Молчать меня заставляло множество причин. Во-первых, в пятилетнем возрасте трудно бывает объяснить взрослым некоторые вещи. В этом виноваты сами взрослые, — они очень плохо понимают объяснения маленьких детей. Во вторых, я был доволен, что истина известна лишь мне одному. Это давало мне преимущество над всеми. Я предчувствовал, что стоит мне только обмолвиться, как надо мной начнут подшучивать, будут меня высмеивать, и моя великолепная идея пострадает, что сильно огорчило бы меня. Признаться, я инстинктивно чувствовал шаткость этой идеи. Может быть, в глубине души я и сам смутно чувствовал, что гипотеза моя слишком смелая, дерзкая, ошибочная, греховная. Все это было очень сложно. Но трудно даже представить себе, какие сложные мысли гнездятся в голове пятилетнего ребенка. Прогулки в Ботаническом саду — вот последнее воспоминание, которое удержалось в моей памяти о няне Нанетте, — она была так стара, когда я был так мал, и так мала ростом, когда я был совсем крошечным.
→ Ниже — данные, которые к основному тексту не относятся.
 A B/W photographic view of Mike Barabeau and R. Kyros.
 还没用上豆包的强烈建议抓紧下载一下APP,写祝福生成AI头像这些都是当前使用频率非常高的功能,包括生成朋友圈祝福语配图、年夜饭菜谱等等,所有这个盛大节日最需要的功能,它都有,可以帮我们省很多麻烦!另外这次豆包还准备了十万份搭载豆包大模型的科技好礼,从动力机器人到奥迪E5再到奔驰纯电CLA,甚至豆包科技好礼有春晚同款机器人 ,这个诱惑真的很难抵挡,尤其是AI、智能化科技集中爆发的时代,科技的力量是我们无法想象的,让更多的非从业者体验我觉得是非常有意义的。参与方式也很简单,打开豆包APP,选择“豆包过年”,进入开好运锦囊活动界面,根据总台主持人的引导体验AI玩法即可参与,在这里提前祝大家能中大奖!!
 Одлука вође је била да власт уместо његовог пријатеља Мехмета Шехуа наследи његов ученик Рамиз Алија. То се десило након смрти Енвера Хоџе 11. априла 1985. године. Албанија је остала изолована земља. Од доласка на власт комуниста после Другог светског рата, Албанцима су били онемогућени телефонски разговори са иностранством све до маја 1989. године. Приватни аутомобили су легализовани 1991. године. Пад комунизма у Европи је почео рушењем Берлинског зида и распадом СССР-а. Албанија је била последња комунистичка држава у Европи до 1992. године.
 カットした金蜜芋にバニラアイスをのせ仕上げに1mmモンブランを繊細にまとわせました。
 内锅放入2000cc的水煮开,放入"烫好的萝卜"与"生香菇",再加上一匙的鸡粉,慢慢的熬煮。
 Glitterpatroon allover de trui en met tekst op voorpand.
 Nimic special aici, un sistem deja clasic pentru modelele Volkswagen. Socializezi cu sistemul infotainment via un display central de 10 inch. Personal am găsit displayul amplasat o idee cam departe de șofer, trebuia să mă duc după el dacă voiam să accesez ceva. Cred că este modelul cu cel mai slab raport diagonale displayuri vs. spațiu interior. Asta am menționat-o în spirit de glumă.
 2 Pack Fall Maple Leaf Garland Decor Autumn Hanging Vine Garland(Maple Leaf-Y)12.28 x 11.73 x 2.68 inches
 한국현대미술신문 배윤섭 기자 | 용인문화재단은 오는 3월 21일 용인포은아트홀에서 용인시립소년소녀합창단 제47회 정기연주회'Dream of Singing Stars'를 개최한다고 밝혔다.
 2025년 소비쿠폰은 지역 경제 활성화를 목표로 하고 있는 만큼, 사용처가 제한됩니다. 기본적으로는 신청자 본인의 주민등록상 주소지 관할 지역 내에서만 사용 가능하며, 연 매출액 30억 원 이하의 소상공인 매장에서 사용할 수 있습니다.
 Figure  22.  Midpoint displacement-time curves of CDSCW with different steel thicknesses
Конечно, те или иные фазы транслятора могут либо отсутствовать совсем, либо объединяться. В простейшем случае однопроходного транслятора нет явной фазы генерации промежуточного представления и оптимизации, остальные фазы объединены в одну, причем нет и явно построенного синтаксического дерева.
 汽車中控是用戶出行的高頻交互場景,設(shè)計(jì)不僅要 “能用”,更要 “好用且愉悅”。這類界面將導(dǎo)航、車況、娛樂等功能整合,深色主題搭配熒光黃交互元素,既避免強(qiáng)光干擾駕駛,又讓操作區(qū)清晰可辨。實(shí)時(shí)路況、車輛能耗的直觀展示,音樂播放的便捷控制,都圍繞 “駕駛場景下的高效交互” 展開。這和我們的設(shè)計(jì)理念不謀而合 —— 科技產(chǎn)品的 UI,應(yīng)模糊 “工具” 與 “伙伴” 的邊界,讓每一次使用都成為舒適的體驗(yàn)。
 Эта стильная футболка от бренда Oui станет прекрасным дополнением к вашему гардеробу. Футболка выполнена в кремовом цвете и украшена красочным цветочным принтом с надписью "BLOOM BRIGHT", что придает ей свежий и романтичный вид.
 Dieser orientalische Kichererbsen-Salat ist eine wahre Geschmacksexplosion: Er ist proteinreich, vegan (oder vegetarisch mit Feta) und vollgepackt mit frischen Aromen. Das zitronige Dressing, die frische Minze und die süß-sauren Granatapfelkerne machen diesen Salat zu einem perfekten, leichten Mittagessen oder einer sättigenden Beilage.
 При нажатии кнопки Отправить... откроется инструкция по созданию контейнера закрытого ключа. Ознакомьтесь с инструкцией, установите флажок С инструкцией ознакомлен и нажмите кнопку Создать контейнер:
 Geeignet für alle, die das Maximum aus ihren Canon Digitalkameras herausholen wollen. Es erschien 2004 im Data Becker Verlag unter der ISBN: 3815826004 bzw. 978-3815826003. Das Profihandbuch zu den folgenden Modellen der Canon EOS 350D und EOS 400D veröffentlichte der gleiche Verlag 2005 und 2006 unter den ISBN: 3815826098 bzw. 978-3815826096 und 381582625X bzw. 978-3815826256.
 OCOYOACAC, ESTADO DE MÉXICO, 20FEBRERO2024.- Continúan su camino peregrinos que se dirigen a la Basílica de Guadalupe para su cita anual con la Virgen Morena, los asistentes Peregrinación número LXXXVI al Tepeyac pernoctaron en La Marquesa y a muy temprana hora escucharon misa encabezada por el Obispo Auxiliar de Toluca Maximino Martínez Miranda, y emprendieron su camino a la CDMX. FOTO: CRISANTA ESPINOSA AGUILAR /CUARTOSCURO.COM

Мне не было еще шести лет, когда она, к великому сожалению моих родителей и меня самого, покинула нас. Она покинула нас не потому, что умерла, а не знаю почему — куда то уехала, не знаю куда! Она исчезла из моей жизни, так по деревенскому поверью добрые феи, приняв образ ласковой старушки, беседуют с людьми в вдруг исчезают, испаряются в воздухе.

II. Торговец очками

Как радостно жилось в ту пору! Малейший ветерок вызывал восхитительный трепет. Круг времен года шел, исполненный увлекательных неожиданностей, вселенная сияла в своей чудесной новизне. Так мне казалось, ибо мне было шесть лет. Уже в ту пору меня терзала неутомимая любознательность, которая впоследствии стала мукой и счастьем моей жизни и обрекла меня на поиски того, чего никогда не находишь.
Моя космография, — у меня имелась своя космография, — была беспредельна. Я полагал, что набережная Малакэ, где находилась моя комната, является центром вселенной. Зеленая комната, в которой матушка ставила мою кроватку рядом со своей, казалась мне, в величавой святости своей и домашней прелести, тем средоточием мира, на которое небо изливало свою лучезарную благодать, подобно тому как это изображают на священных картинках. А между тем стены моей комнаты, столь хорошо изученные мною, насыщены были какой-то тайной.
Ночью, когда я лежал в кроватке, мне мерещилась вереница причудливых образов, и вдруг комната, так крепко замкнутая, уютная, освещенная последними отблесками потухающего камина, открывала широкий доступ вторжению сверхъестественного мира.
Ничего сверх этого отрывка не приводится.